Some analytics vendors are already adding capabilities that automate certain tasks, particularly associated with data management. For example, Tableau Software offers Prep Builder and Microsoft's Power BI includes Dataflows.

Meanwhile, augmented analytics capabilities such as alerting, guided analysis and natural language processing are becoming more commonplace, with Tellius among those offering guided analysis capabilities and a host of vendors including alerting and NLP capabilities.

Contextualization -- the ability to automatically give context to data by showing why something is happening and what should be done about it -- is another technology that will fuel the future of analytics.

Sisu, a startup founded in 2018 and based in San Francisco, is among the vendors focused on contextualization with a platform that monitors data sets for changes and then automatically alerts users and explains those changes. Other vendors like Yellowfin and Narrative Science, meanwhile, are attacking contextualization through data storytelling.

The future of analytics will be providing "the right content across all of this incredibly live data so that you get the relevant insights surfaced at the right time, and it's as automatic as possible so that data teams can focus on key factors and not be caught up in the static or not relevant data," McKelvey said.

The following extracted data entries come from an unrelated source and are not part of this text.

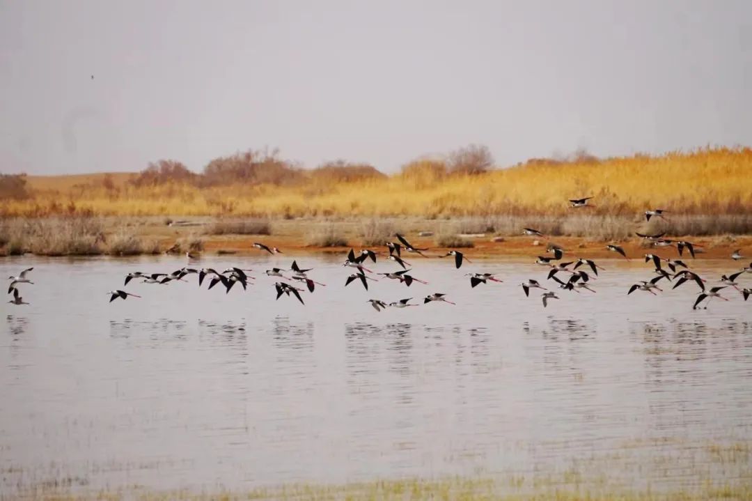 四月的敦煌大地春和景明,在庫姆塔格沙漠的邊緣,位于陽關(guān)濕地的壽昌海子波平如鏡,碧水映襯著祁連山上的雪峰,各種色彩斑斕地鳥兒仿佛收到了春天的邀約,在這里參加一場(chǎng)盛大的聚會(huì)。它們有的在湖面上引頸入水自在覓食,有的踏波翩翩起舞,有的追逐嬉戲鳴唱,有的在岸邊閑庭信步、悠然自得地曬太陽......構(gòu)成了一幅多姿多彩的和諧自然生態(tài)畫卷。
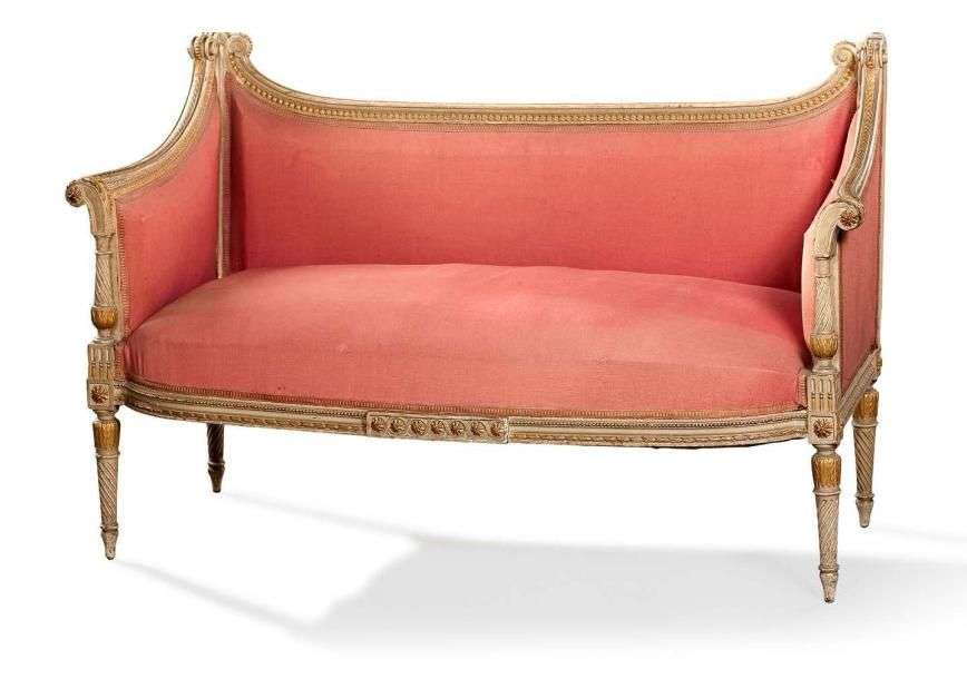 Petit canapé en bois mouluré, sculpté, doré et rechampi crème à décor de frises de piastres, rangs de perles et feuilles d'acanthe| consoles d'accotoirs à balustres| dés à rosaces| pieds fuselés à feuilles d'eau et cannelures torses. Ancien travail de style Louis XVI (manque les motifs sommitaux du dossier). Garniture de tissu rose. H: 83 - L: 124 - P: 57 cm.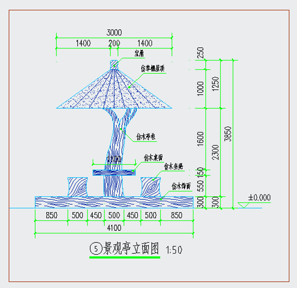 4.5米拱形钢筋混凝土小桥。直径3M伞形小凉亭带坐凳,混凝土拟木造面。图纸包括:平面图、立面图、剖面图、结构图等,可供设计师参考。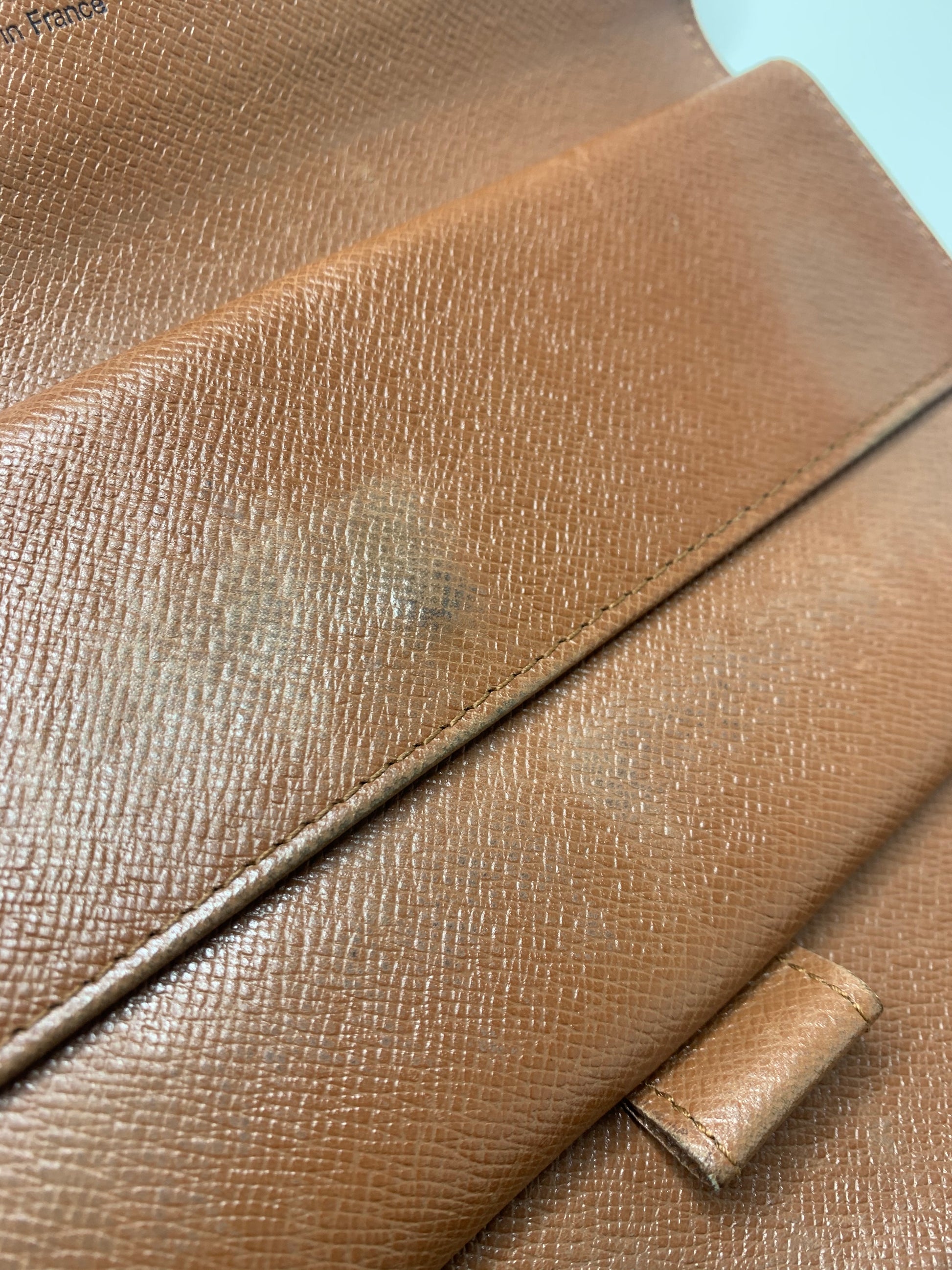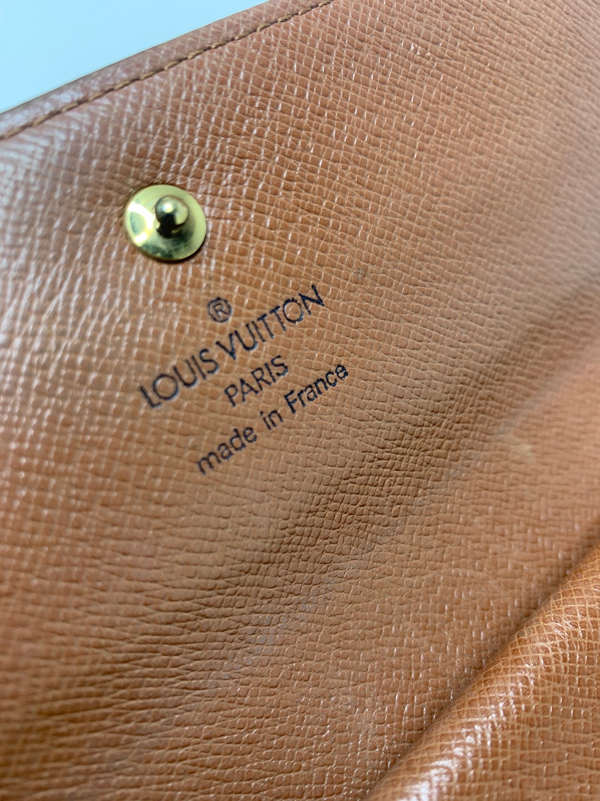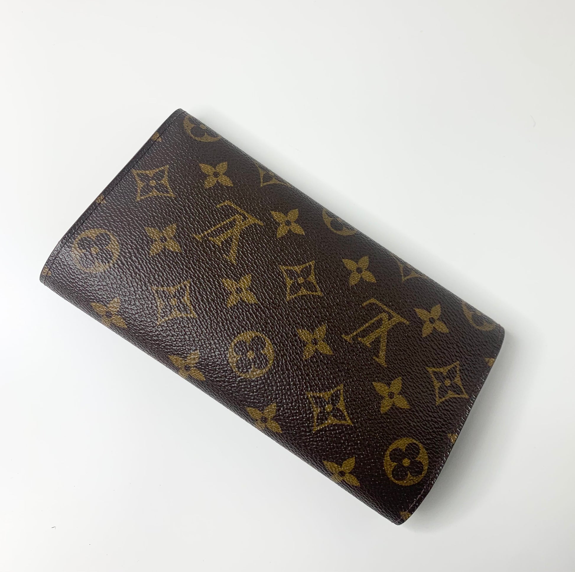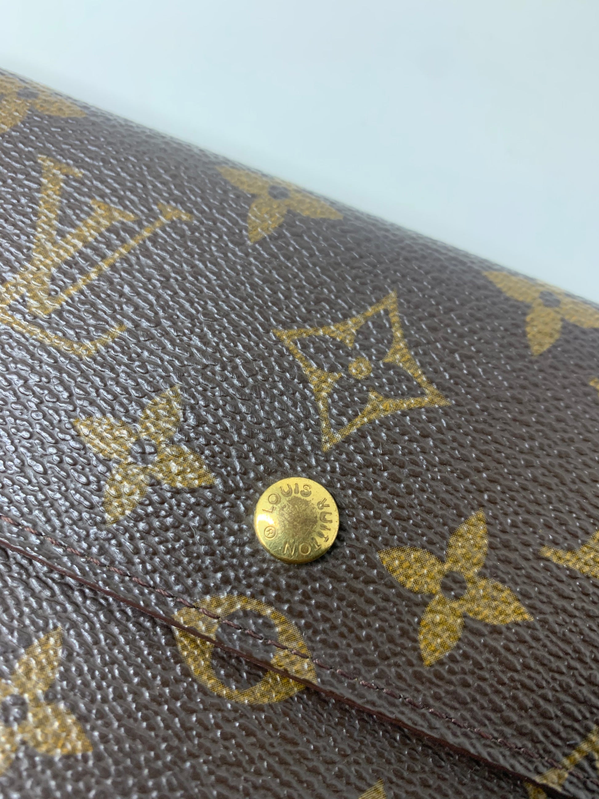 This wallet is crafted of signature Louis Vuitton monogram on toile canvas. The wallet snaps open to a brown cross-grain leather interior with card slots, bill pockets, a flap compartment, and a pen holder.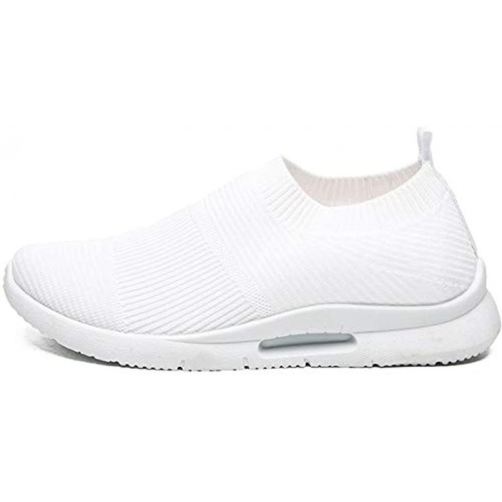 Men's Running Shoes Breathable Knit Slip On Sneakers Lightweight Athletic Casual Sports Shoes White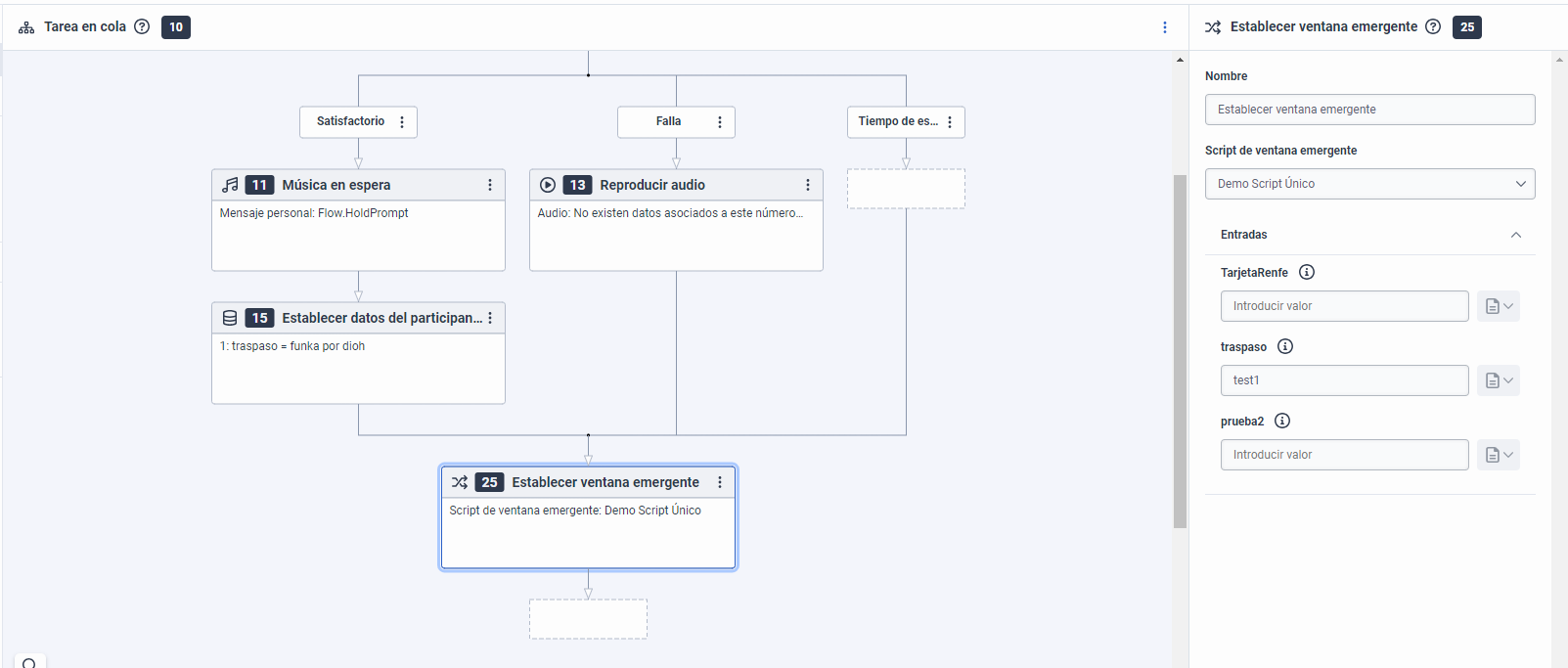 It looks like everything is fine in the script variable wise. It also looks like you are setting the screen pop in the in queue flow, based on your screen shot, if the caller does not wait in the queue until the step to set the screen pop is reached, it won't pass along that value to the scrip. Is this script also the default script for the queue or are you setting the screen pop in the inbound flow as well, z-techTEST? If you don't make it through all the steps in the in queue flow before the call reaches the agent from the queue, the variable value will be the default value of "". Unless you wanted to pass information from the in-queue flow to the agent, the best place to set the value you want in the screen pop is from the inbound flow.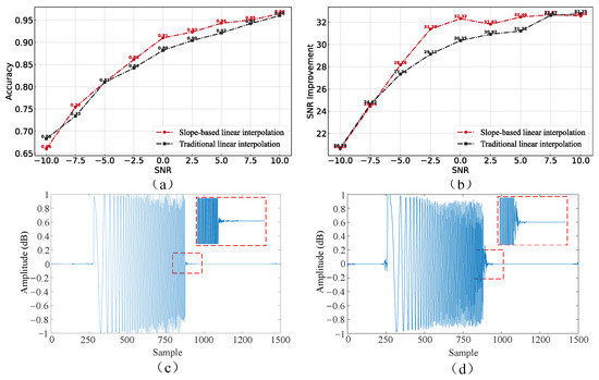 According to Figure 12a,b, it can be seen that the slope-weighted interpolation method improves the correct TOA rate and signal-to-noise ratio over the traditional interpolation method under high SNR conditions, whereas it is not much different from the traditional interpolation method under low SNR conditions. This is because at high SNR, the noise component in the signal is smaller, and the slope more accurately reflects the trend of the data. The interpolation method based on slope weighting can make better use of the neighborhood data information before and after the target signal, which can make the interpolation point closer to the real signal, inhibit the high-frequency noise introduced before and after the target signal, and enhance the effect better than linear interpolation. As shown in Figure 12c,d., under the condition of a low signal-to-noise ratio, the noise component in the signal is significant, the slope calculation may be affected by noise, and the enhancement effect is similar to linear interpolation.

Similarly, Bailis added that the capabilities that will close the decision gap will be those that advance the capabilities of self-service BI.

The future of analytics will be tools that enable end users to surface insights without the assistance of analytics teams, ask follow-up questions of the data without needing help, do so in a single environment that doesn't require toggling between systems and screens, and automate mundane tasks to free up data teams for human endeavors.

"Invest in enabling your team to self-serve," Bailis said. "Look for tools with a low threshold for getting started, but a high ceiling for experts. A second principle is … we can accelerate analysis for the routine parts and let people spend time on the parts that are uniquely human.

"By accelerating data exploration and data analysis, we let people do what they're best at and let machines do the rest," he continued.